By applying Theorem 5.1, the control functions are given as:

$$ \begin{pmatrix} u_{1} \\ u_{2} \\ u_{3} \end{pmatrix}= \begin{pmatrix} (a_{1}-a)(y_{1}-y_{2})-k_{1}e_{1} \\ -c_{1}y_{1}+(c+1)y_{2}-k_{2}e_{2} \\ (b_{1}-b)y_{3} \end{pmatrix}. $$
(5.10)

Using the drive system (4.3), the response system (5.9) and the control functions (5.10), the error system can be written as:

$$ \begin{aligned} &{}^{C} \mathcal{D}^{\sigma , \rho}e_{1}(t) =a(e_{2}-e_{1})-k_{1}e_{1}, \\ &{}^{C}\mathcal{D}^{\sigma , \rho}e_{2}(t) =x_{1}x_{3}-y_{1}y_{3}+(c-k_{2})e_{2}, \\ &{}^{C}\mathcal{D}^{\sigma , \rho}e_{3}(t) =y_{1}y_{2}-x_{1}x_{2}-(b+k_{3})e_{3}. \end{aligned} $$
(5.11)

In the numerical treatment, the values of the parameters and the initial conditions of the drive system (4.3) and for the response system (5.9) are the same values that are taken in Fig. 1(b) and Fig. 3, respectively.

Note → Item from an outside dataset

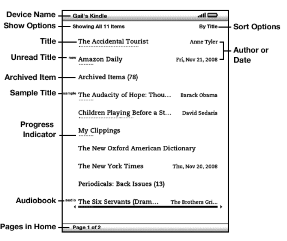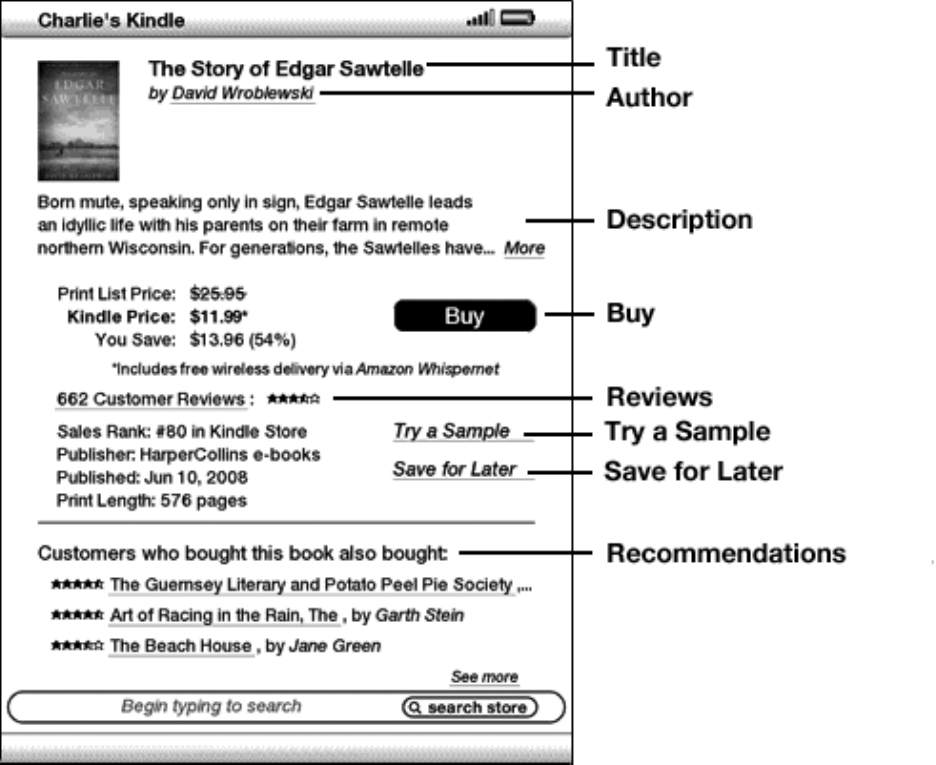 Amazon Kindle device software, the Amazon Kindle Quick Start Guide, and the

The synchronization is achieved and the results are shown in Figs. 4 and 5. Figure 4 shows the same chaotic attractor for drive system (4.3) and response system (5.9), while the synchronization errors approach zero, as given in Fig. 5.

Figure 4
figure 4

Chaotic attractors for (a) the drive system (4.3) in \((x_{1}, x_{3}, x_{2})\) space, (b) the response system (5.9) in \((y_{1}, y_{3}, y_{2})\) space

Figure 5
figure 5

The synchronization errors of the drive system (4.3) and the response system (5.9) in (a) \((t, e_{1})\) diagram, (b) \((t, e_{2})\) diagram, and (c) \((t, e_{3})\) diagram

6 Conclusion

We introduced the generalized fractional dynamical system with order in \((1, 2)\). In Theorem 3.1, the stability analysis of that system is investigated using the Mittag–Leffler function, the Gronwall–Bellman Lemma, and the Laplace transform. We proposed M–L stability of our system with order lying in \((1, 2)\) based on the Lyapunov direct method in Theorem 3.2. The chaotic GF Lü and Lorenz systems are presented. Using linear feedback control, we illustrated the control of chaotic GFS in general and an example is given to test the validity of Theorem 4.1. We investigated the synchronization between two different chaotic GFSs. The analytical formula of the control functions (5.3) that achieve synchronization are given in Theorem 5.1. Synchronization between the different GF Lü and Lorenz systems is achieved. Other examples of GFSs can be similarly studied.